I have been doing research into graduate programs and have noticed that some departments have a representation of their own PhD graduates as professors while others have an absence.

For example, a department I have looked at in a top university in Canada had a faculty completely composed of PhD graduates from top American schools, but none from its own.

I can see this as a signal of either two things -

  1. That the department may not want to be seen favouring its own candidates.
  2. That the department may not have as much faith in its own graduates as that from other schools.

I understand that this may differ from field to field.
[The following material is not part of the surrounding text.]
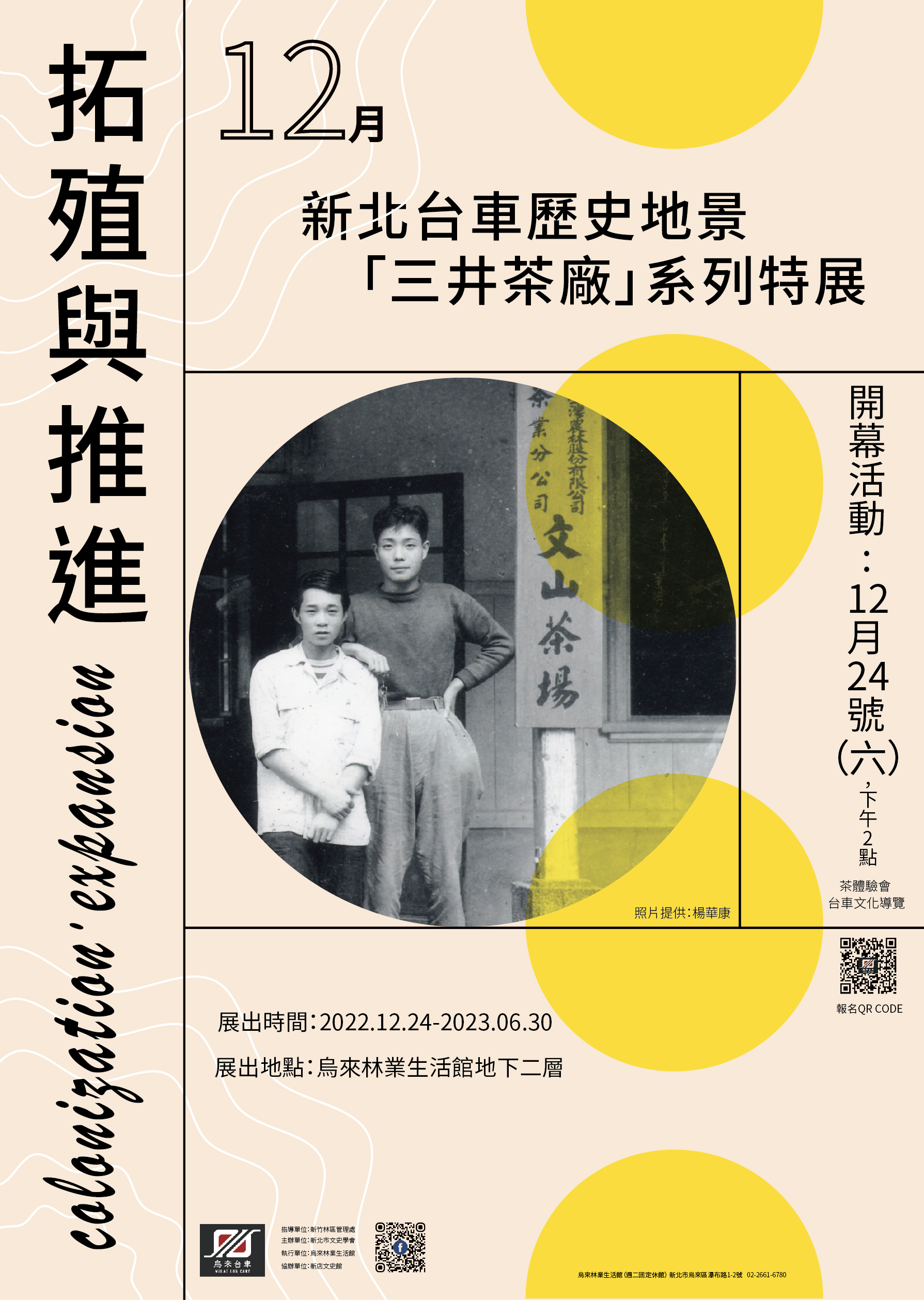 新北新店、烏來地區也曾是茶葉的生產地,早期用何種方式運送茶葉。新竹林區管理處烏來林業生活館將於12月24日(星期六)下午舉行「拓殖與推進-新北台車歷史地景-三井茶廠系列」特展開幕活動,邀請民眾認識聞名於國際間的「日東紅茶」的製造者:三井合名會社,在新店、烏來地區製茶的過往,以及運用台車運輸茶葉的發展脈絡,發掘「三井紅茶」的人文歷史滋味,即日起歡迎民眾上網報名參加(報名網址:https://forms.gle/KgZVeonuYD9mTxry7)。 自1923年開始「三井合名會社台灣出張所」,先後在南勢溪與北勢溪流域設立了三所製茶工廠:龜山工廠、磺窟工廠、乾溝工廠,皆為粗製茶工廠。為防止放在茶籠中的茶青生葉在搬運途中腐敗或是遭到日曬,於是設立了空氣流通良好,備有覆蓋設施的台車或索道等設備,將採摘下來的茶青生葉第一時間運送至茶工廠加工,改變了茶青的運輸方式。當時從新店、烏來地區的茶園所栽種的茶青,便是以台車作為運輸工具。 活動中將邀請三位地方文史工作者,帶領大家開啟「三井茶廠」的文史之門,由陳星妤文化工作者將分享「三井茶廠在新店烏來地區的台車路線」,以及林炯任講者以故事的方式敘說「三井茶廠的過去與現在」。活動現場更準備了「茶體驗會」,並將由周祥傳講者分享台灣茶葉的起源與發展、茶樹品種、製茶的發酵程度等,並引導參與者運用烏來當地的山泉水,沖泡出「烏來限定」的茶湯,讓參與者在烏來瀑布負離子的氛圍中品茶論茶經。 本次特展展期至明(112)年6月底,期待透過綜整三井合名會社過去在新店、烏來地區製茶的產業史與台車的運輸軌跡,呈現過去烏來地區運輸發展史,特展開幕當天將以「茶體驗會」的方式出發,邀請民眾品茶湯、論文史,藉由感官的體驗,進一步了解關於台車的人文歷史。 詳情請洽烏來林業生活館02-2661-6780(週二休館),或上『台車清遊-烏來林業生活館』粉絲專頁:http://ppt.cc/rxW6。 活動聯絡人:關晨引

But in general, what is the majority view-point on a department that has no representation of its own graduates on its faculty?

  • 19
    Many departments (like mine) explicitly forbid hiring its own PhDs, at least until they get tenure elsewhere or their advisors leave the department. I think this rule is very healthy.
    – JeffE
    Commented Mar 15, 2013 at 15:20
  • 2
    Not quite the same thing but related: One of the departments at my school will not accept its own Bachelors into its post grad program. It is not a matter of favoritism, or lack of confidence. It is a tool to ensure the diversity of the students in the program, as well as ensure the individual student has experienced a wider range of views.
    – Mr.Mindor
    Commented Mar 15, 2013 at 15:56
  • I don't know many universities who hire their own graduates in economics except MIT. Harvard almost never hires their own PhDs, neither does Penn.
    – Hedge Fund
    Commented Dec 19, 2013 at 0:24
  • academia.stackexchange.com/questions/8618/…
    – user137843
    Commented Mar 30, 2021 at 6:17

4 Answers 4


It's common in computer science for a university to have few if any of its own graduates as faculty, and should not be taken as a bad sign by itself. This low representation is for two main reasons:

  1. The best five or ten universities in the United States produce a disproportionately large number of strong academic candidates. In practice universities that have research departments at all (let alone the exceptionally strong ones) tend to be filled with professors with Ph.D.s from the elite few.

  2. Going somewhere else leads to cross-fertilization of academic thought. Presumably after 5+ years of graduate school one has spent a lot of time learning from the expertise available in their department. Going somewhere else allows a professor to transfer her knowledge to a different group of researchers, and to get fresh insight from them in return.


Partly, it depends on the size of the department. In a small or even medium-sized department, it means nothing. I wouldn't read anything into it until the department reaches a size where it has five or more graduates of a single school on the faculty (if they have no more than a few from any given place, then random fluctuations could easily push the number to zero). If they have hired five or ten from another school but none of their own, then it's clear they have a preference for that school. It's sensible to set up some barriers to hiring your own graduates, so a modest preference for other schools is actually a good sign. If it gets extreme, it's may be because they think the other school's students are genuinely stronger.

However, I wouldn't worry about this too much. Even if you run across an unambiguous case, it's hard to know what to make of it. Sometimes a department has an incredibly strong research group in a certain area but hires none of their own graduates because they simply don't need any more professors in this area. In that case the lack of hiring is no reflection on the graduates from this group.


No, will be my short answer.

This is a matter of "culture". In my Alma Mater in the US, the department did not hire its graduates as faculty. It was perfectly normal. Where I now work, in Europe, the opposite was the norm; it was unusual to recruit faculty from elsewhere. This has, however, changed and I think we have a healthy mix now. To a large extent this has to do with mobility, in the one case mobility is the norm, in the other it is not. You stay where you were born to some extent.

So the No means that in some fields and countries it is perfectly natural not to recruit from your "own ranks".

A follow up question to this might be what the benefits of internal vs. external recruitment might be. I am sure this differs substantially.


It almost never happens in Finance and Economics, well, except at Harvard, MIT and U of Chicago. This is mostly because there are more people graduating than there are tenure track jobs and people usually wind up upto 50-75 ranks below where they graduate. The top 10 schools graduate enough students to fill the positions in the top 50 schools and so on. Sometimes you hear of some stellar people who move up because they have done great work and are very visible but the general traffic is downwards.

  • 1
    In economics, the lower half of the distribution of Harvard graduates go teaching in liberal art colleges, and publish nothing. From that perspective, a top Ph.D. graduate of say Northwestern or Penn State is better than a mediocre Harvard graduate.
    – StasK
    Commented Apr 8, 2013 at 4:31
  • @StasK Yeah, you're right. There is still a huge supply of tenure track candidates from top schools but not as large as I'd indicated since, as you correctly pointed out, a lot from the bottom half go into teaching.